Artist: Cecilia Granara
Exhibition title: Lasciare entrare, Lasciare andare
Curated by: Maria Chiara Valacchi
Venue: Studiolo, Milan, Italy
Date: February 26 – September 7, 2020
Photography: images copyright and courtesy of the artist and Studiolo, Milan
Studiolo is pleased to present the first Italian solo show by Cecilia Granara (Jeddah, 1991) entitled “Let it enter then let it go, curated by Maria Chiara Valacchi. The installation consists of a selection of eight paintings and a site-specific wall installation.
Using painting as metalanguage, Cecilia Granara often celebrates the female body and its state of inner consciousness – mental and emotional – which is in constant flux. This becomes a dynamism that she projects into her large canvasses through an informal handling of outlines, taking possession of the highest and most ecstatic sense of figuration. She splits, multiplies, intertwines, until she embraces flames, animals and nature.

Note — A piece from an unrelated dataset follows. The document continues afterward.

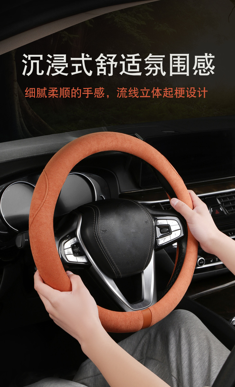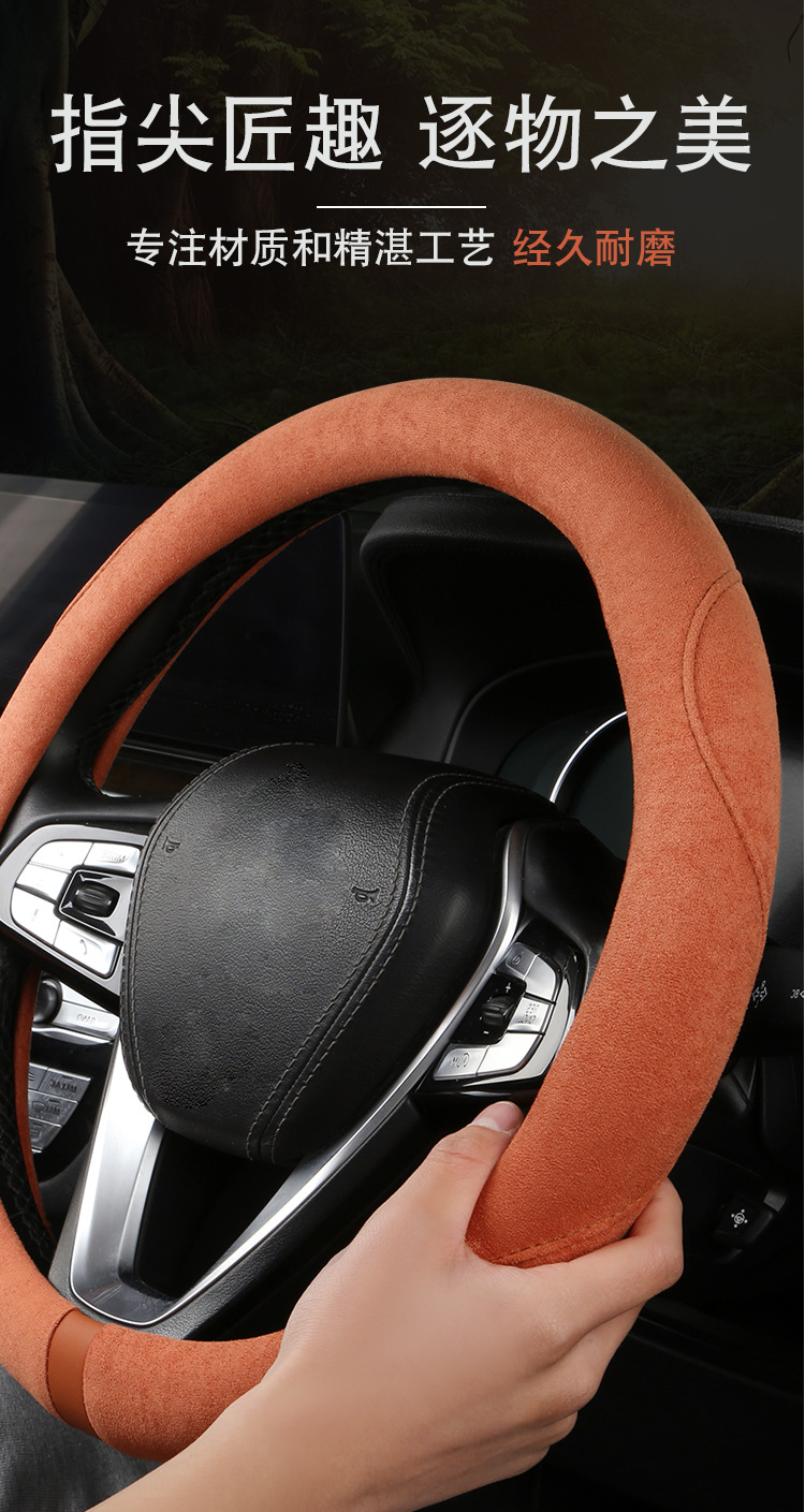 스웨이드 스티어링 휠 커버, 땀 흡수, 미끄럼 방지, 내마모성, 편안함, 통기성, 사계절 사용 가능, 고급스러운 느낌스토어 가기

Like humoral liquids, tears, or different types of human secretions, the brush strokes fade the acid tones of forms which, standing out vividly against neutral and vibrant backgrounds, create scenes that bring out atavistic tales, anthropomorphic mutations and bodies that expel or inter-weave with each other, until they assume oriental flavoured positions that reminds us of Yoga or Savasana.
Granara carries out a peaceful re-affirmation of woman’s universal role through free, joyful and grotesque sexual representations which, at the same time, describe different states of emancipation, neglect or pain, without any gender limit. This is a love declaration that in the exhibition is embodied in the figure of Sheela-Na-Gig, a medieval sculptural iconography representing a woman with big eyes and a freely open vulva, without shame; it’s a metaphor of being intellectually open to the world, forgetting prejudices and fears.
The artist composes an exhibition woven of several aesthetic and etymological contaminations, far from any morality or tag, joyfully promoting the pursuit of an authentic personal model. This is the embrace of what she calls a “Body Confusion”.